Le Président est prostré sur son siège, la tête basse. Le représentant le secoue, exige des explications.

Dans les tribunes du stade, un murmure court de lèvres en lèvres. Il prend peu à peu de l'ampleur.

J'entends quelques commentaires sceptiques sur la confiance que l'on peut avoir en mes paroles, vu « le milieu d'où je viens ». Deux ou trois personnes émettent l'idée qu'après tout, je travaille peut-être vraiment pour Lisa. Ou que je veux me venger. D'autres me défendent en avançant que je ne serais pas venu leur dire ça ici si ce n'était pas vrai.

Soudain, une voix plus forte que toutes les autres éteint les rumeurs et me fait sursauter :

– Bravo, Tao. Je ne pensais pas que tu aurais autant de cran.

Je la cherche fébrilement des yeux, comme le reste du stade. Elle ne peut pas être loin. Là ! Juste en face de la tribune présidentielle, postée tout en haut des gradins. Une grande et longue silhouette drapée dans un manteau noir. Elle fait un pas en avant et sort de l'ombre.

– Je ne pensais pas que tu aurais la force d'avouer ce que tu caches depuis toujours, l'identité de ta mère. Son métier. Je ne pensais pas que tu arriverais à t'enfuir de ta cellule. Je me suis trompée. Je l'admets, tu m'as surprise.
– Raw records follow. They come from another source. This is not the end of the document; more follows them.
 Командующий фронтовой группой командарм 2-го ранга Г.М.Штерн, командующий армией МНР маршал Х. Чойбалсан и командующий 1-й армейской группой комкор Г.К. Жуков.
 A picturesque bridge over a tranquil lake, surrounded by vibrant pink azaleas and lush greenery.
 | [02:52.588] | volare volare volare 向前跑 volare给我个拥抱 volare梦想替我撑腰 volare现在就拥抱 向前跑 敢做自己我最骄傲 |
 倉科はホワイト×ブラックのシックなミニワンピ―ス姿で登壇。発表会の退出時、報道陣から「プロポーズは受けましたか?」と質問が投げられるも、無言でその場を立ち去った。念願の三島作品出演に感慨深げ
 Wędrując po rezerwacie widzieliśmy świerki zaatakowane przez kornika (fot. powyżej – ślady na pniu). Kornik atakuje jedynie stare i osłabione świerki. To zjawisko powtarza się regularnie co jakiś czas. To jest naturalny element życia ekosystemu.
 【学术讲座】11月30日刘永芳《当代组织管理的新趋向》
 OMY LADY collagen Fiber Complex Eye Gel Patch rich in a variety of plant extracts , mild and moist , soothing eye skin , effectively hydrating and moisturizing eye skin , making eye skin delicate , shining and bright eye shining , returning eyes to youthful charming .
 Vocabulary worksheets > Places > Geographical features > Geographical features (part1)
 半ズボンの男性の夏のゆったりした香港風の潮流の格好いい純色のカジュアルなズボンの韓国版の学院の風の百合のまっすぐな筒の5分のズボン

Le public est stupéfait. Lisa sourit, découvrant ses dents blanches.

– Je ne pensais pas que tu détruirais le peu qu'il te reste d'image pour dénoncer ton ancien club. Toujours ton esprit chevaleresque.
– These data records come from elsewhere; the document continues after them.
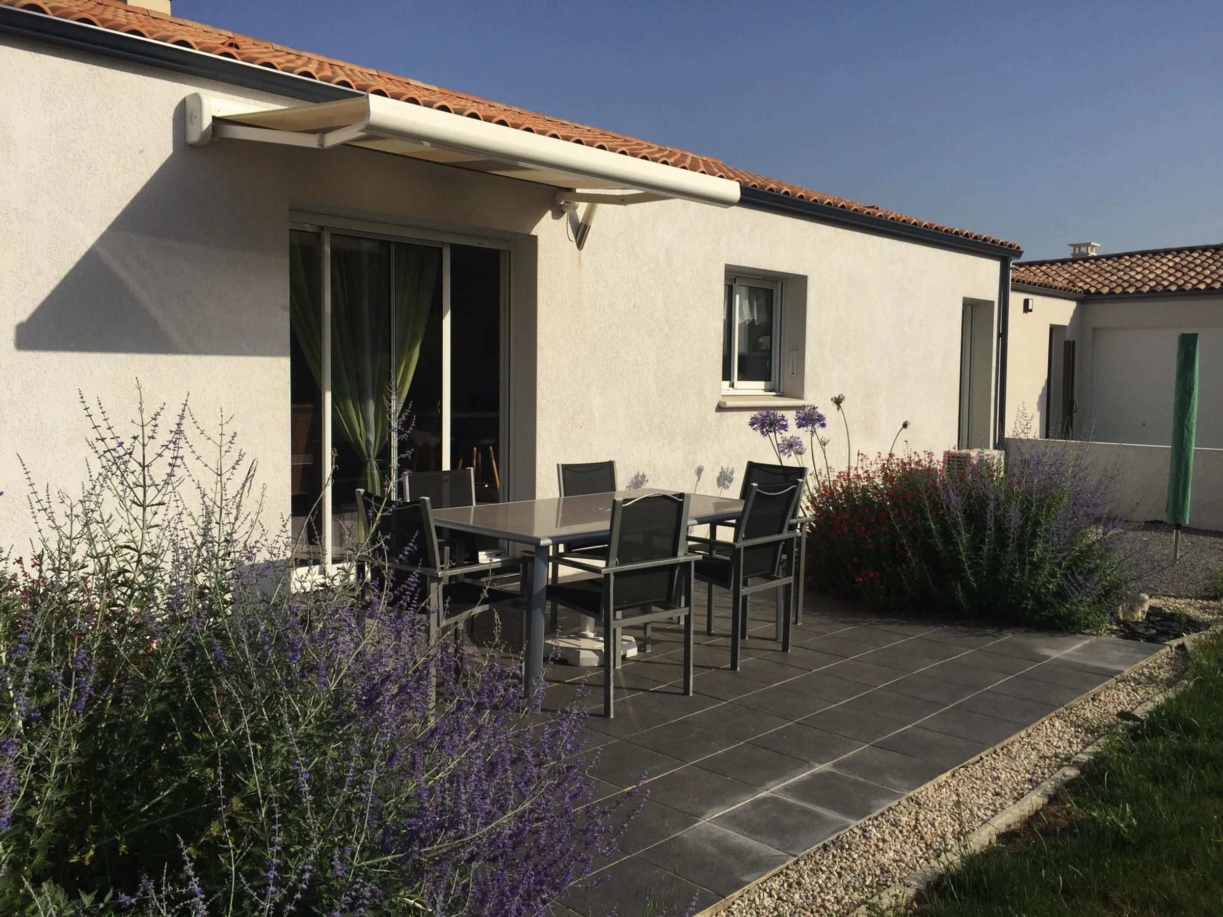 As soon as you arrive, you will be seduced by the comfort and conviviality of our house. The entrance, through a spacious hallway, leads you to the bright living room, where you will find a comfortable lounge area, a dining area and a fully equipped American kitchen with everything you need to prepare delicious meals, including induction hobs, an oven, a microwave and a dishwasher. A bay window opens onto the terrace equipped with garden furniture, an electric barbecue and an awning, ideal for outdoor meals and relaxing moments under the Vendée sun.
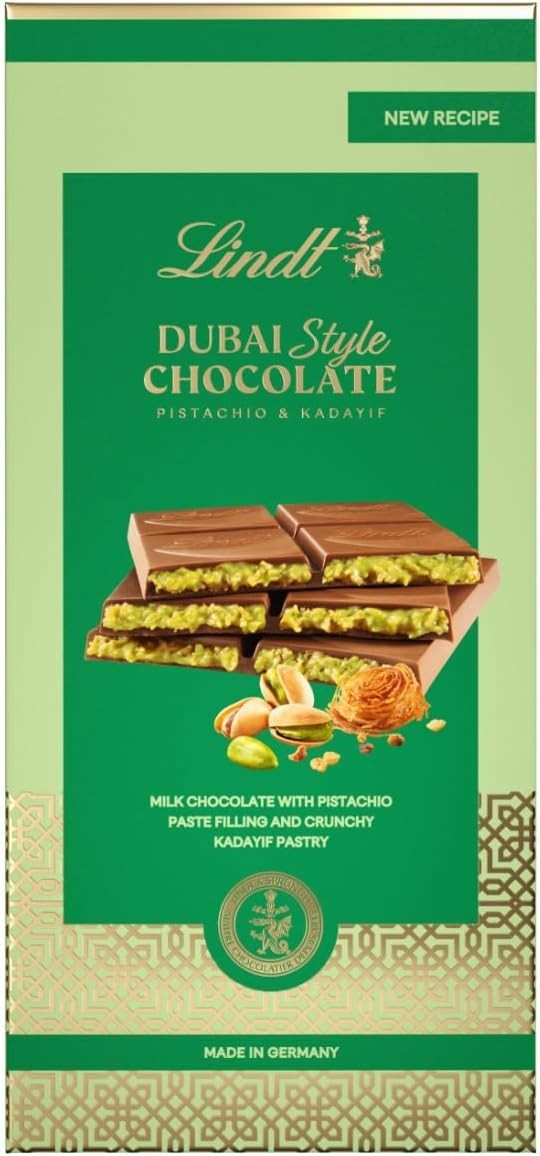 Lindt Dubai Style Chocolate Bar, Milk Chocolate with Pistachio and Crunchy Pastry, Made in Germany
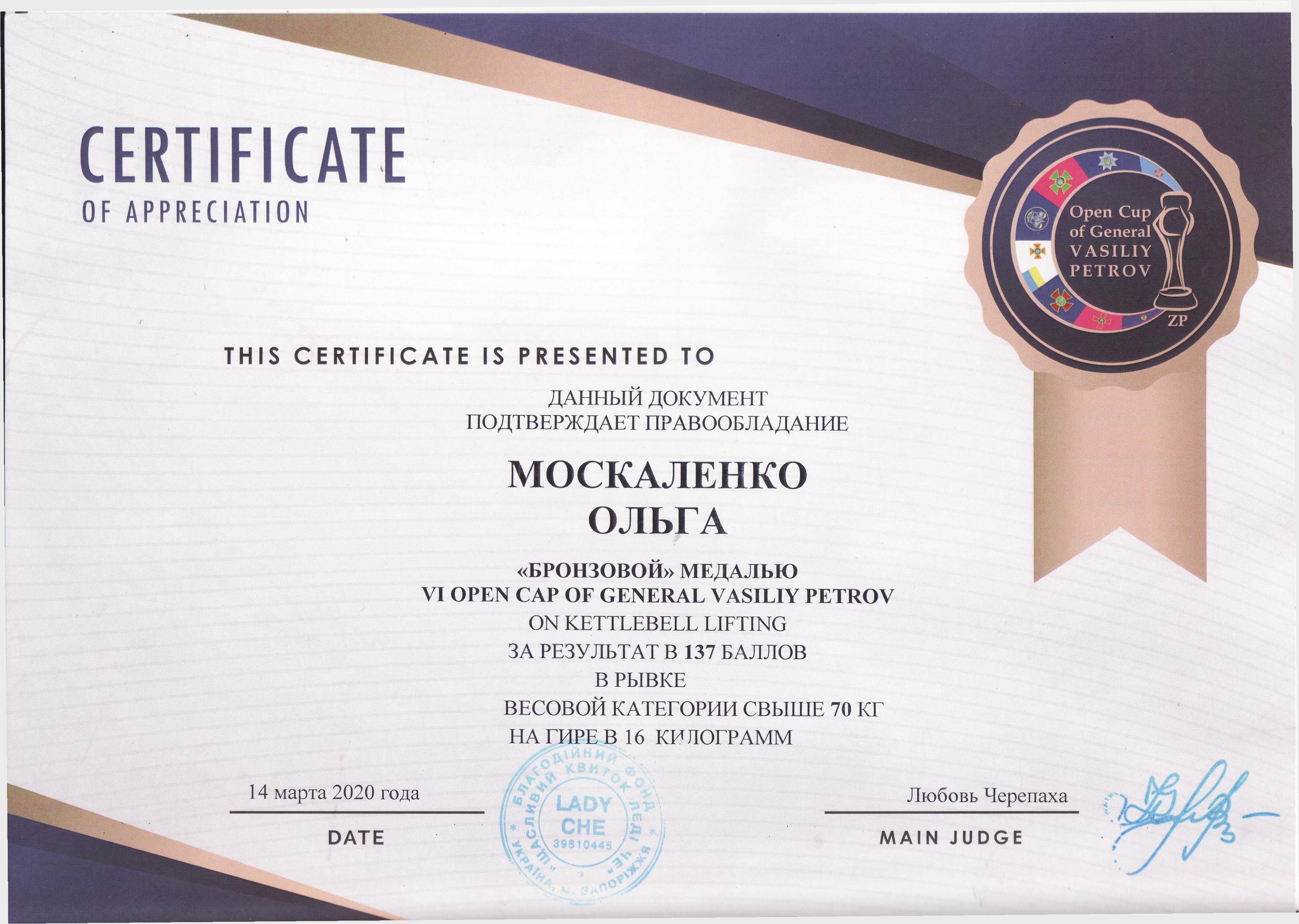 3. VI Відкритий Кубок генерала Василя Петрова з гирьового спорту (м. Запоріжжя, 14.03.2020 р.)Москаленко Ольга – 31 ХТ (ІІІ місце у ваговій категорії 70+ кг) – ГРАМОТА

Elle fait un autre pas. En bas, sur la pelouse, Joe ne sait visiblement pas quoi faire. Elle a perdu le contrôle de la situation. Ses grands yeux noirs vont de moi à Lisa, sans parvenir à décider sur qui ils doivent se poser. Dans les gradins où Lisa est perchée, les gens commencent à s'éloigner craintivement.

– Ta mère te ressemblait tellement, mon chéri. Même dans sa situation, elle conservait un semblant d'orgueil. L'orgueil pousse à des choses stupides, tu ne trouves pas ?
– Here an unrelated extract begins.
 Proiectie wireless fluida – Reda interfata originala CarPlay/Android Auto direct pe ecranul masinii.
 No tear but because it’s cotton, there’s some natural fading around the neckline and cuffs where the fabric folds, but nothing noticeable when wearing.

Elle secoue gracieusement la tête et ses lourdes boucles d'oreille miroitent sous les projecteurs.

– Par exemple, penser que tu arriverais à m'échapper.

D'un geste ample, elle sort un long objet sombre de sous son manteau.

– On ne peut pas m'échapper, mon ange. Si je ne peux pas t'avoir, alors personne ne t'aura.

La scène ne dure qu'une fraction de seconde. Je vois le point rouge sur ma poitrine. Et j'entends les trois coups de feu.

On entend comme une explosion puis une fumée rouge dorée se répand dans la tribune présidentielle. Le stade a hurlé de surprise. Un choc sourd retentit ; le Président est tombé dans les pommes.

Un papillon rouge émerge de la fumée. Il s'envole dans la lumière crue des projecteurs, traverse toute la longueur du stade, dans le seul bruit de la respiration de trente mille personnes interdites. Il monte vers le ciel, se glisse sous le rebord du toit et rejoint une silhouette accroupie sur la passerelle des machinistes.

Evania reprend sa place sous ma clavicule gauche et je me redresse. Trois mètres sous moi exactement, Lisa est debout, toujours tournée vers la tribune présidentielle, attendant que la fumée rouge ait fini de se dissiper. J'échange un regard avec Lenni, posté en contrebas. Depuis le début, il a compris.

Alors moi, le vrai moi, pas l'illusion créée par Evania que j'ai manipulée comme un pantin, s'avance au bord du vide et se laisse tomber droit sur Lisa.


Est-ce que j'ai oublié de publier le chapitre hier soir ? Peut-être. Est-ce que j'étais à cheval à l'heure où j'étais supposé le publier ? Peut-être. Toutes mes confuses.